Data listing:
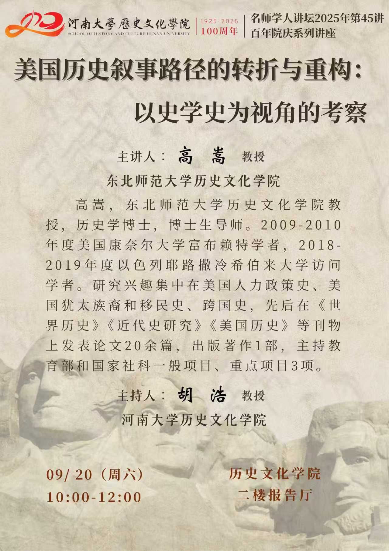 【讲座预告】高嵩:美国历史叙事路径的转折与重构:以史学史为视角的考察
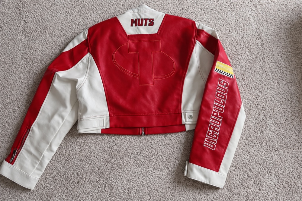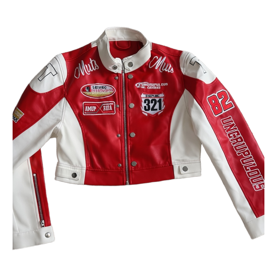 Cropped racing-style jacket with a front zip and snap button closure. Features various colorful embroidered patches and text designs.
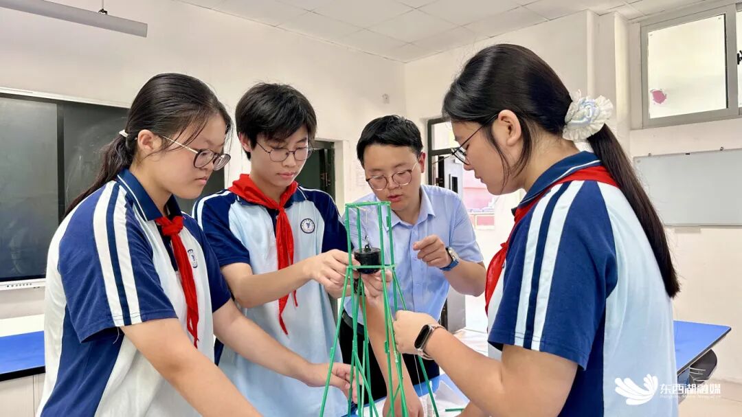 银奖小组邹柔嘉、李紫彤、葛天浩则对团队力量体会更深。复赛时结构不稳,时间紧迫。三人分头加固、调试、检验,在最后一刻完成作品。“工程不能单打独斗。信任伙伴,才能走得更远。”邹柔嘉说。
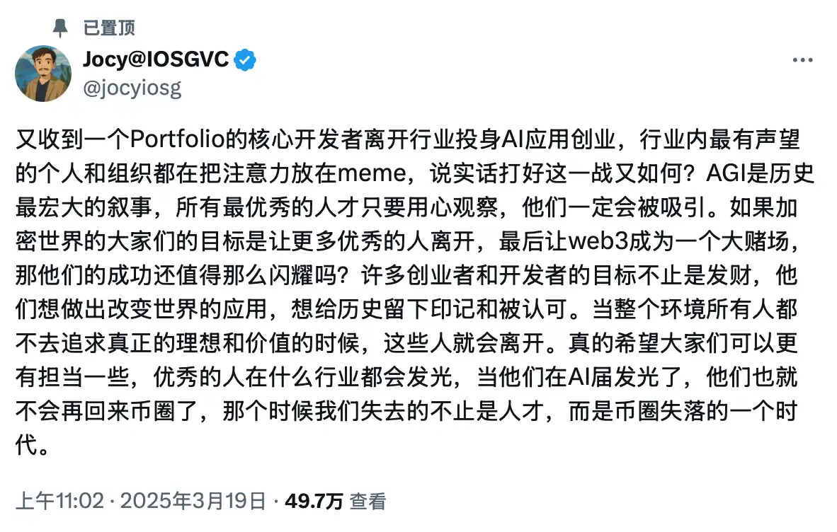 前段时间,IOSG 创始合伙人 Jocy 在社交媒体发文,表示自己投资组合里又一个项目转型去做 AI,并表达了对加密行业前景的担忧。
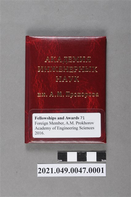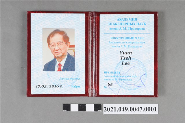 2021.049.0047 李遠哲2016年A.M. 普羅霍羅夫工程科學院外籍會員證書組

What to work on:
An exact retyping of the entries, without images, is the required answer.

Answer space:
 【讲座预告】高嵩:美国历史叙事路径的转折与重构:以史学史为视角的考察
 Cropped racing-style jacket with a front zip and snap button closure. Features various colorful embroidered patches and text designs.
 银奖小组邹柔嘉、李紫彤、葛天浩则对团队力量体会更深。复赛时结构不稳,时间紧迫。三人分头加固、调试、检验,在最后一刻完成作品。“工程不能单打独斗。信任伙伴,才能走得更远。”邹柔嘉说。
 前段时间,IOSG 创始合伙人 Jocy 在社交媒体发文,表示自己投资组合里又一个项目转型去做 AI,并表达了对加密行业前景的担忧。
 2021.049.0047 李遠哲2016年A.M. 普羅霍羅夫工程科學院外籍會員證書組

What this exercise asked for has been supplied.